The Nigerian Senate passed the bill on October 15. The House of Representatives sent the bill to Nigerian President Muhammadu Buhari on October 30. The president has previously spoken in support of the bill, saying he wanted it to pass as soon as possible.
The proposed bill, OPTS said, would prevent around $15 billion of investment in the deepwater, driving the decline by 2023. “Nigeria has one of the least competitive deepwater fiscal terms in Africa”, the report said, with states such as Egypt, Angola and Ghana all offering more attractive terms for investors offshore. Passing the bill into law would be another disincentive for companies, “further eroding Nigeria’s global competitiveness”.
Senate president Ahmad Lawan has said the bill was intended to “produce a win-win situation” for the government and companies, calling for more investment from companies.

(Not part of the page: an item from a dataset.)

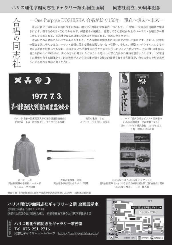 本展では、同志社グリークラブにゆかりのある記念品・思い出の品を 約50点 展示いたします。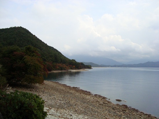 少し曇り加減の湖岸の様子。

OPTS’ analysis suggests the amendment bill would add around 3-10% to current deepwater royalty rates, at prices of $50-80 per barrel. The government would receive more tax in the short term but will deter investments for longer term increases.
The bill also puts forward a five-year review cycle for PSCs, “which contradicts the principle of contract sanctity”, the group continued, saying deepwater plans require stable terms for at least 20 years.
Rather than increasing royalty rates, the government would do better to encourage additional production, OPTS said. Legislative certainty, competitive fiscal terms and a conducive business environment would all work to attract investments, it said.
The government currently receives around 60-70% of deepwater revenues, from tax, royalties and the share of production that goes to Nigerian National Petroleum Corp. (NNPC). Since deepwater production began in 2001, Nigeria has earned around $115 billion, OPTS said.
PSCs offer an attractive option for Nigeria – and other countries – in that the risk is taken on solely by the companies doing the work. NNPC has struggled to pay its bills for its joint ventures so PSCs offered a way to secure production and tax revenue without troubling the state’s coffers. These have been successful but there was a clause in the original law on PSCs saying terms should be reviewed when oil prices were over $20 per barrel.
The Nigerian government’s 2020 budget sets out spending plans of 10.33 trillion naira ($28.6 billion) in early October. Shortly after setting out these plans, Nigerian Attorney General Abubakar Malami said PSCs had failed to collect around $62bn from IOCs as a result of the failure of the PSC review mechanism.
The deepwater is expected to contribute around 780,000 barrels per day during 2019, the analysis said. Under the more modest 0.2% increase, production in 2023 would fall to around 600,000 bpd. A 2% increase would see this level decline to 554,000 bpd by that point, dipping below 300,000 bpd 2025.
OPTS’ members operate around 90% of Nigeria’s production, ranging from indigenous companies to Shell Petroleum Development Co. (SPDC) and Mobil Producing Nigeria (MPN).